Abstract 34P
Background
Hormone receptor-positive (HR+), HER2-negative (HER2-) breast cancer (BC) accounts for around 65% of all BCs. Invasive lobular and ductal carcinoma (ILC, IDC) show distinct histology and clinical presentation. In this study, our goal is to exploit morphological differences between IDC and ILC by combining artificial intelligence and spatial transcriptomics (ST) to characterize intra-tumor heterogeneity.
Methods
We analyzed 131 H&E whole slide images (WSIs) from frozen HR+, HER2- BC samples, of which 43 were ILC and 88 were IDC. Images were morphologically annotated using QuPath. We performed ST (Visium 10X Genomics®) on the ILC samples. A neural network (NN) was trained to perform histology classification from WSIs and detect the most relevant tissue regions for such classification. Gene expression data from ST were used to characterize these regions.
Results
The NN achieved 0.95 ROC AUC in predicting histology (ILC vs IDC). Interestingly, in 36/43 ILC samples, adipose tissue had the highest relative importance in assessing the histological subtype, suggesting crucial morphological differences in adipocytes between ILC and IDC. Of note, we observed intra-sample heterogeneity in the importance levels of tumor areas, with just 13% of the overall tumor cells showing high importance in the classification. We mapped the most relevant tissue regions for histology classification to the ST spots (for ILC). Pathway enrichment analysis on differentially expressed genes (DEG) relative to these spots revealed enrichment in metabolic and adipogenesis-related pathways (padj < 0.05). When limiting the analysis on spots composed by more than 30% of tumor cells, DEG revealed enrichment in metabolic-related pathways (padj < 0.05).
Conclusions
Adipose tissue morphology was revealed to be a key feature in distinguishing histological subtypes in HR+, HER2- BC. Importantly, tumor cells with increased metabolism showed to be crucial in the histological classification, suggesting differences in metabolism between IDC and ILC. Further validation is needed.

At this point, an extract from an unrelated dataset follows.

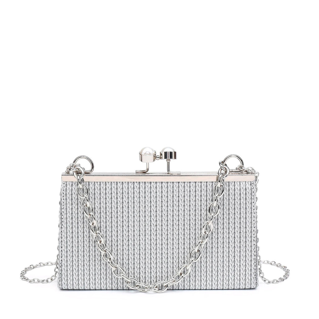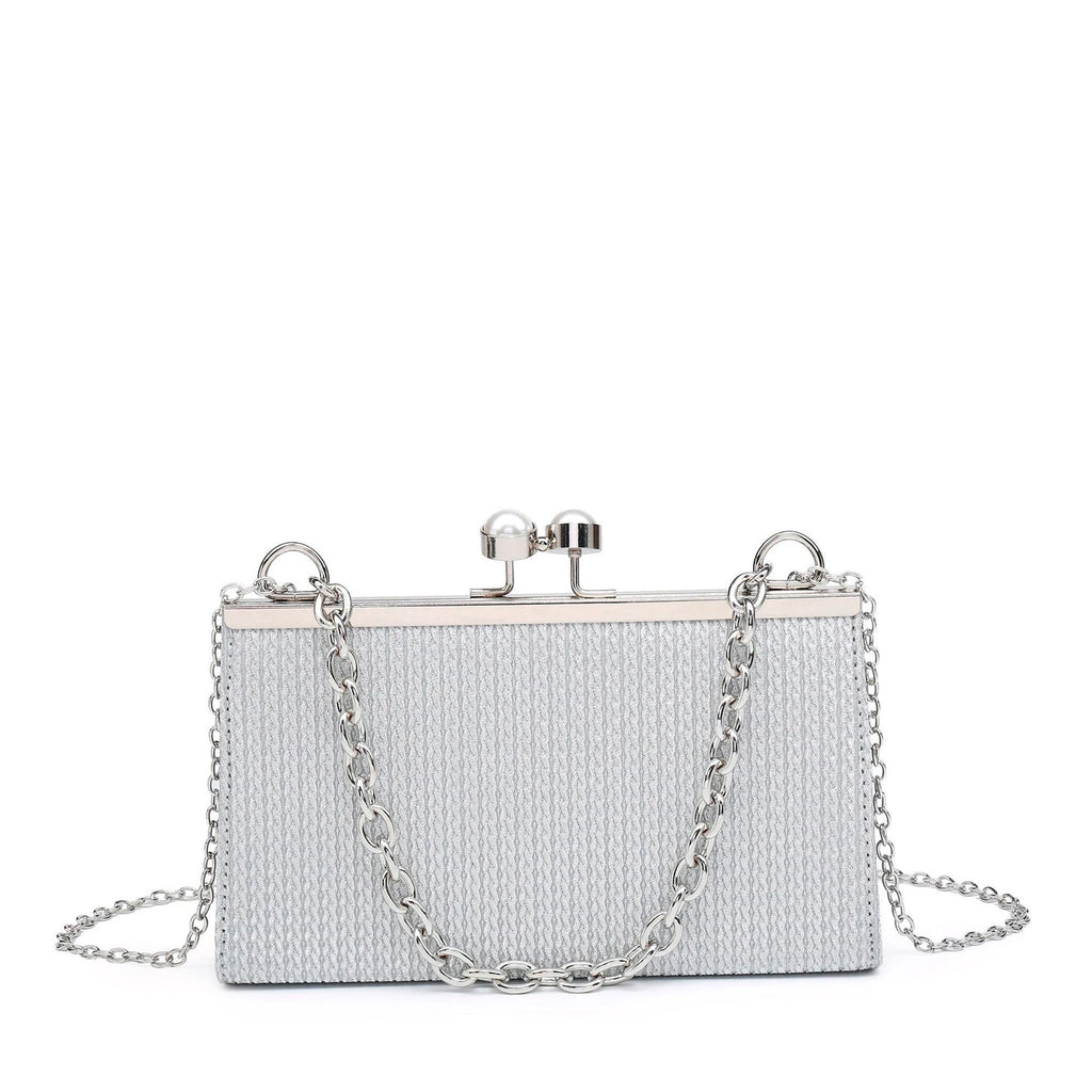 Bolsa de festa com pega em corrente e pérolas no fecho Bags. Dispõe de alça em corrente.

Legal entity responsible for the study
The authors.
Funding
FNRS, Fondation Jules Bordet, Breast Cancer Research Foundation, Fondation contre le Cancer.
Disclosure
F.P. Duhoux: Financial Interests, Institutional, Advisory Board: Roche, Pfizer, AstraZeneca, Lilly, Novartis, Amgen, Daiichi Sankyo, Pierre Fabre, Gilead, Seagen, MSD; Financial Interests, Institutional, Invited Speaker: Novartis, Pfizer, MSD, Roche, MSD, Boehringer Ingelheim, Pfizer, Novartis, Lilly, AbbVie, Seagen, Gilead, AstraZeneca, Menarini, Immutep; Financial Interests, Institutional, Expert Testimony: Seagen, Novartis, MSD. C. Sotiriou: Financial Interests, Institutional, Advisory Board: Astellas, Vertex, Seattle Genetics, Amgen, INC, Merck & Co; Financial Interests, Personal, Advisory Board: Cepheid, Puma; Financial Interests, Personal, Invited Speaker: Eisai, Prime oncology, Teva; Financial Interests, Institutional, Other, Travel: Roche; Financial Interests, Institutional, Other, Internal speaker: Genentech; Financial Interests, Personal, Other, Regional speaker: Pfizer; Financial Interests, Institutional, Invited Speaker: Exact Sciences. All other authors have declared no conflicts of interest.